_Source material_.
:::

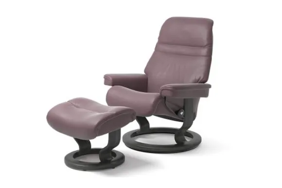 Relaxfauteuil Sunrise Classic van het merk Stressless is verkrijgbaar in alle kleuren. Tevens is de fauteuil leverbaar in stof en rundleder. Je kunt bij deze fauteuil kiezen uit diverse maten zoals Small, Medium en Large. Deze fauteuil heeft een Plus en Glide Systeem: Aan beide zijden van de fauteuil zit een knop waarmee je de weerstand van de stoel kan aanpassen naar eigen behoefte. Door de knoppen in tegengestelde richting te draaien stel je jouw ideale relaxpositie samen. Op die manier krijgt de nek en de onderrug goede onderstuening. Door de rugleuning naar voren te buigen activeer je de slaapfunctie. Op het moment dan je weer rechtop komt stelt de stoel zichzelf weer bij naar de normale stand.
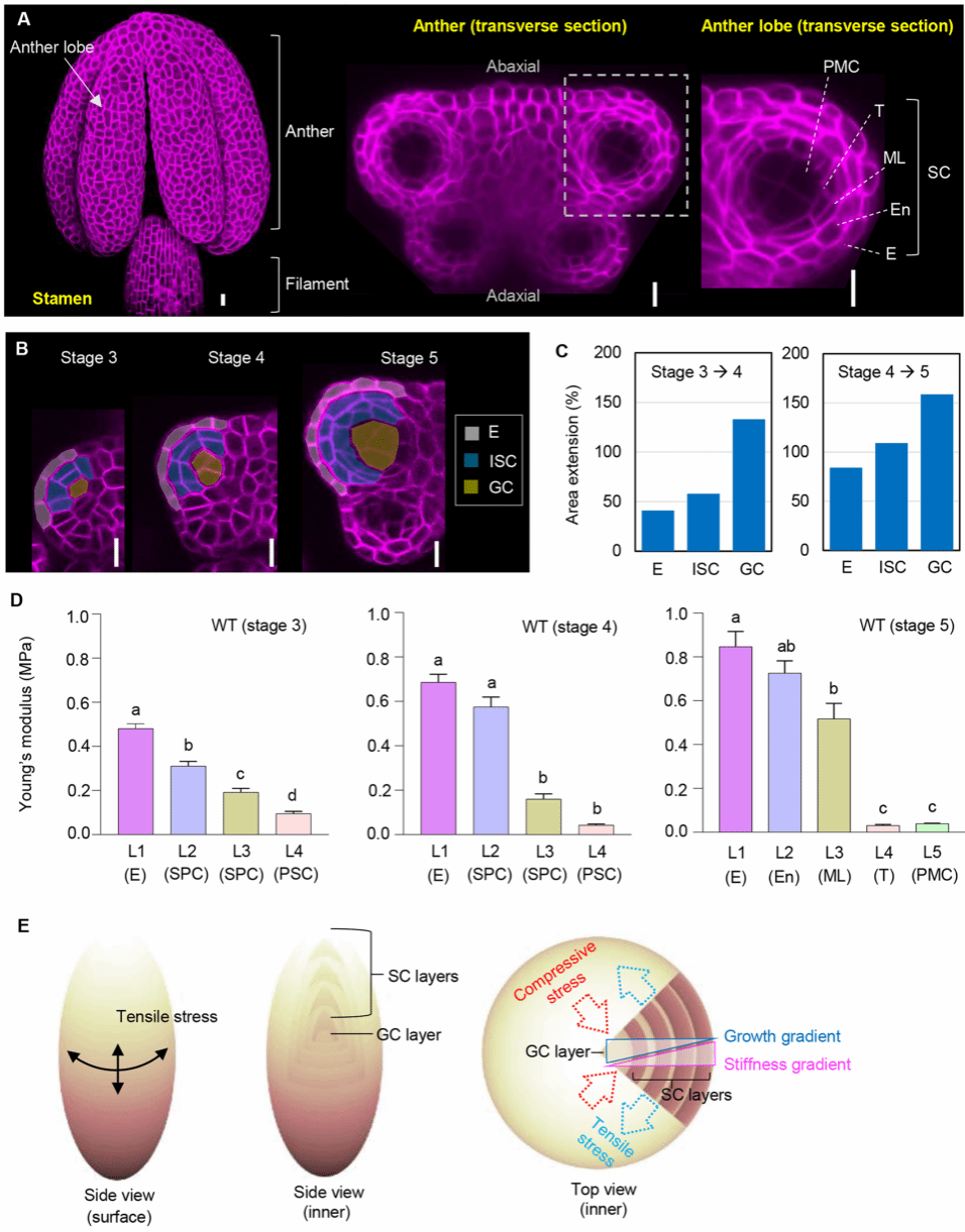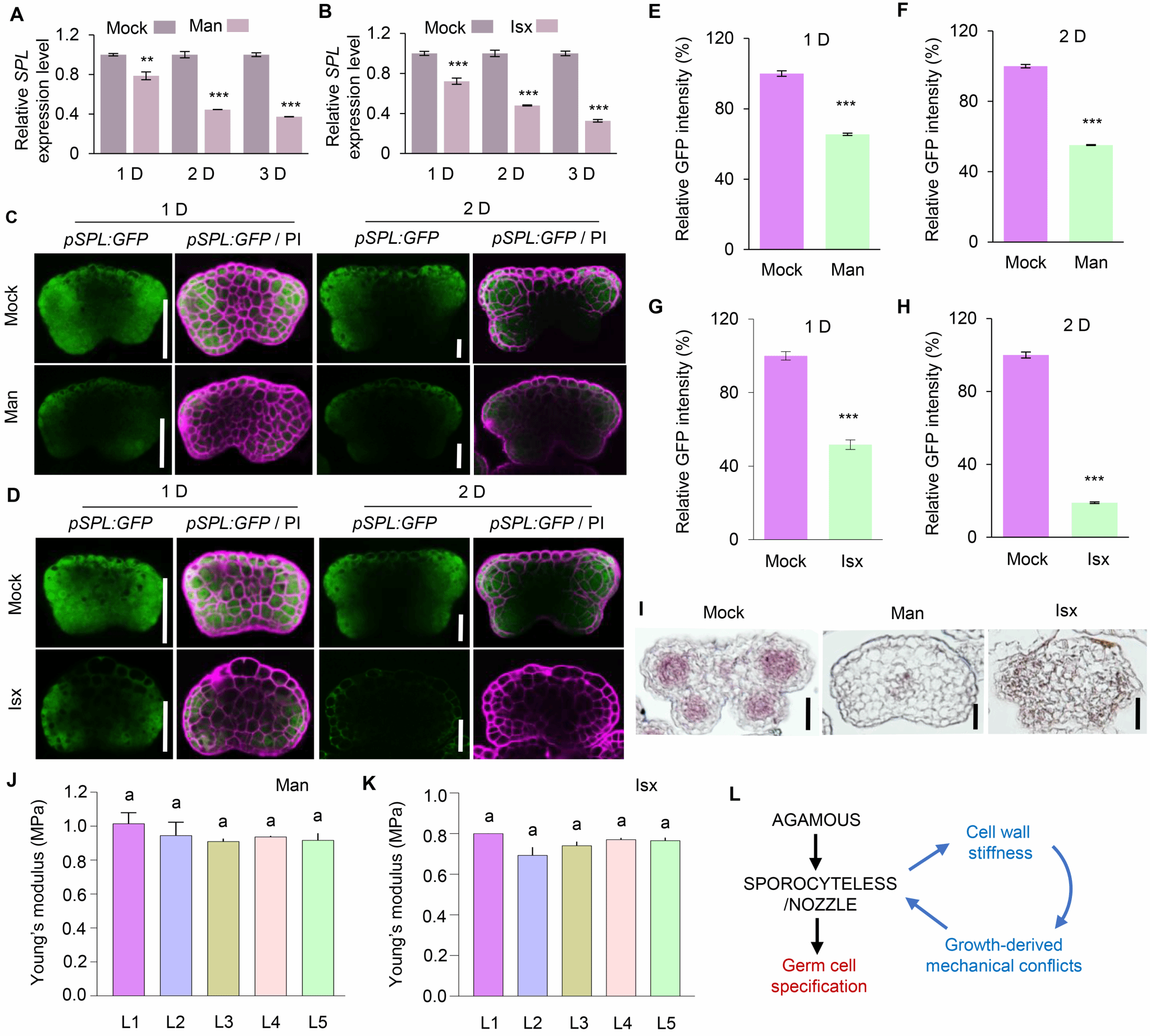 图1.拟南芥生殖细胞在特殊的力学微环境中产生
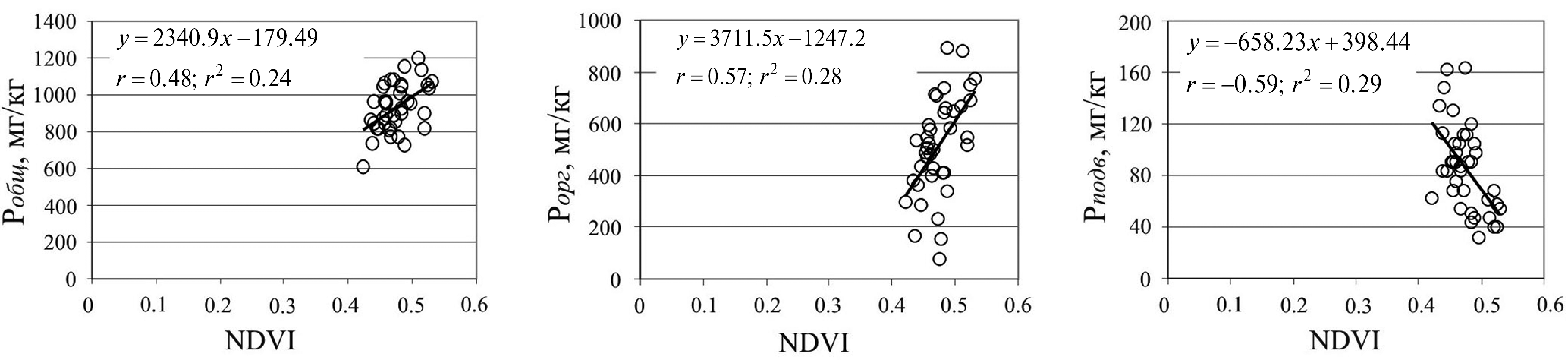 Рис. 2. Регрессионные модели зависимости между содержанием фосфора (общего, органического, подвижного) в почвах и значениями NDVI.
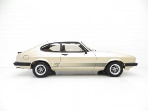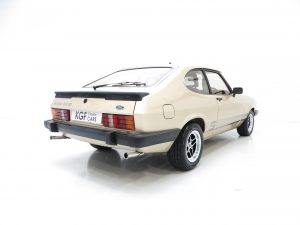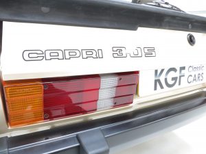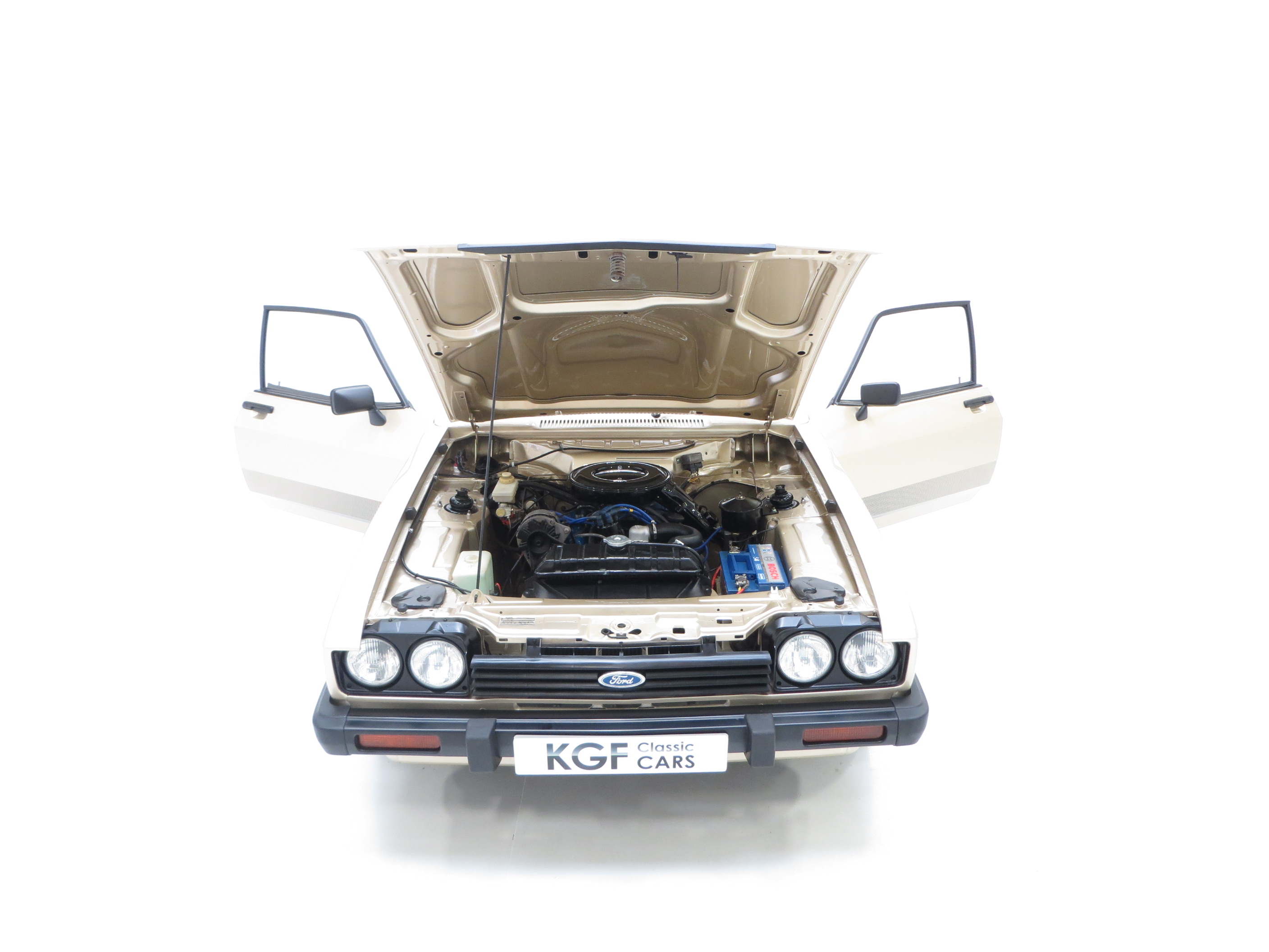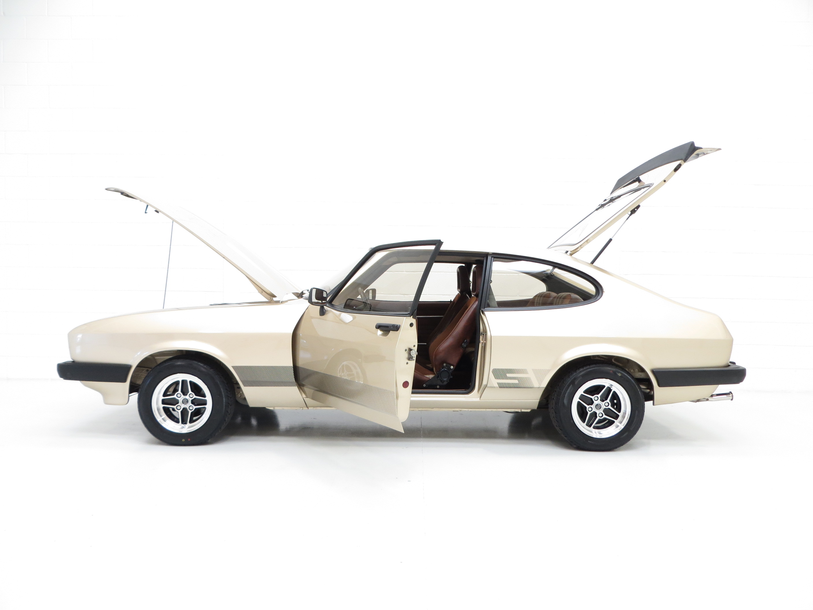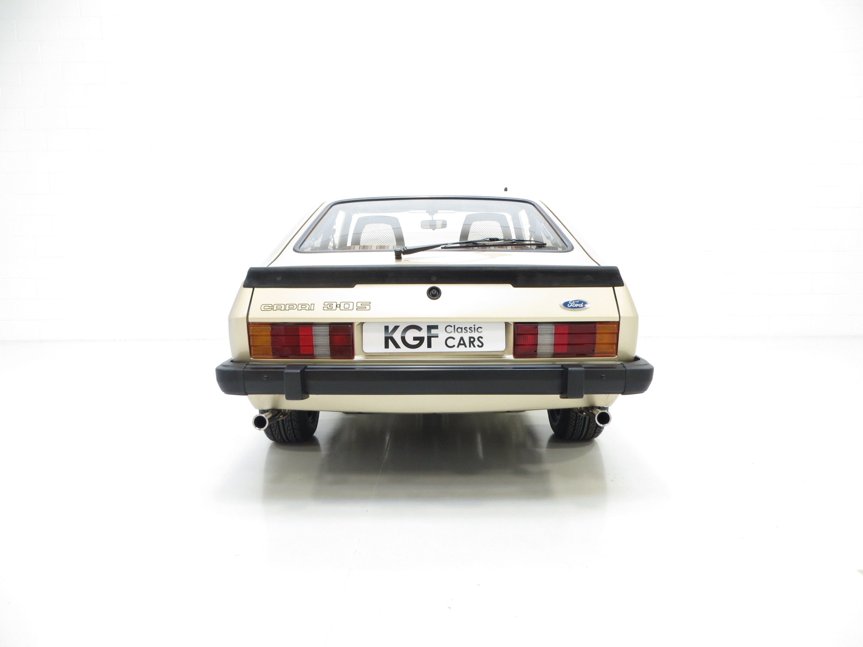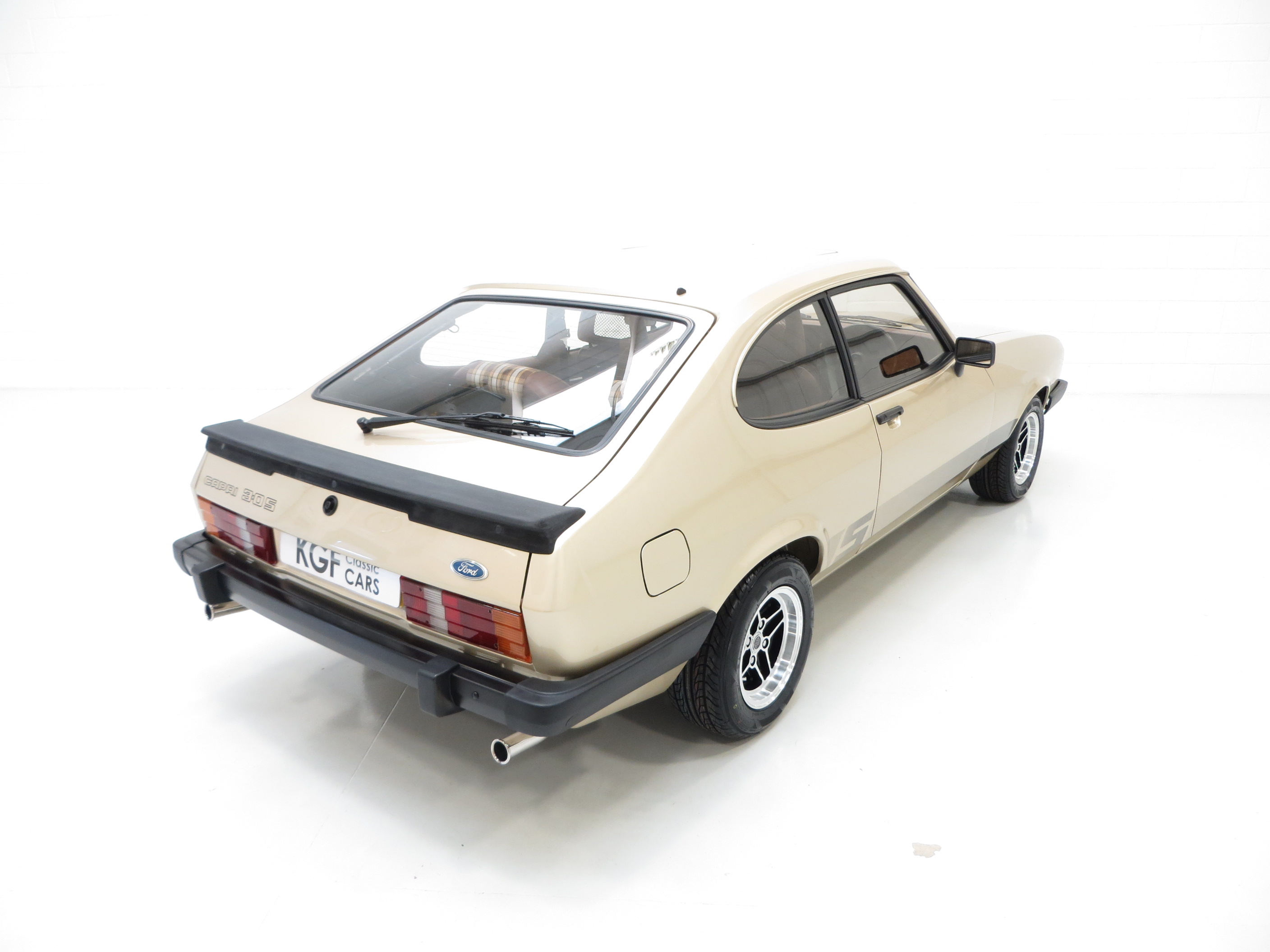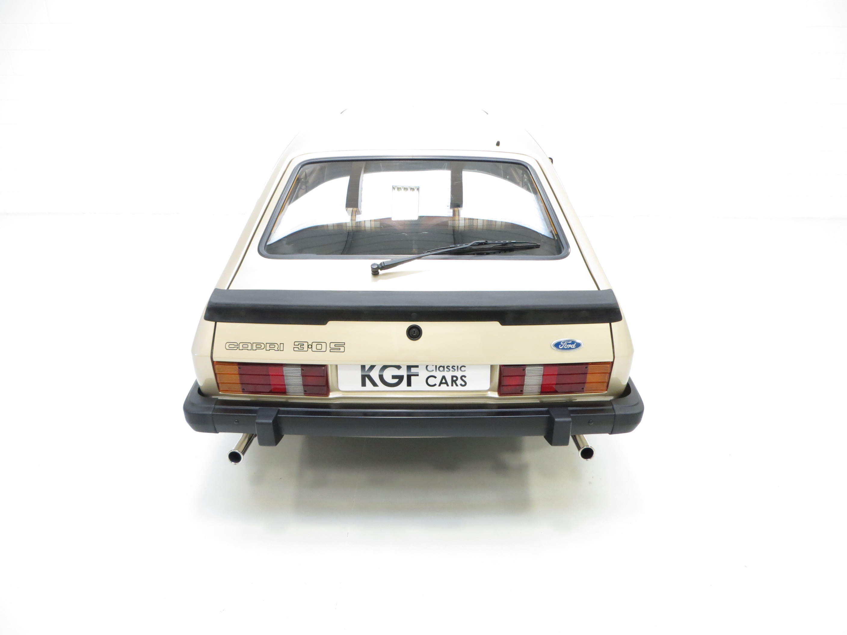 This legendary and genuine Capri 3.0S finished Ford Oyster Gold boasts an impeccable appearance with a perfect mirror paint finish. The subject of an extensive full restoration by renowned and highly respected East Sussex based Restore-A-Ford in 2011, the resulting achievement is simply amazing with the original 3.0S being soda blasted as a starting point. A fully detailed underside will delight the avid enthusiast on the show circuit with colour coded anti-chip coating and powder coated components laid bare in full splendour. Rare factory options such as the steel tilting/sliding roof and tinted glass remain fitted along with all exterior trim items and decals being pristine and factory correct. This very rare, sporting, top-of-range for performance Capri simply breathtaking.

:::

_The task_. The lines above starting at the one that holds "图1.拟南芥生殖细胞在特殊的力学微环境中产生" and ending at the one that holds "Рис. 2. Регрессионные" are to be written out exactly, ends included, and no pictures are to be copied.

_Answer to this problem_.
 图1.拟南芥生殖细胞在特殊的力学微环境中产生
 Рис. 2. Регрессионные модели зависимости между содержанием фосфора (общего, органического, подвижного) в почвах и значениями NDVI.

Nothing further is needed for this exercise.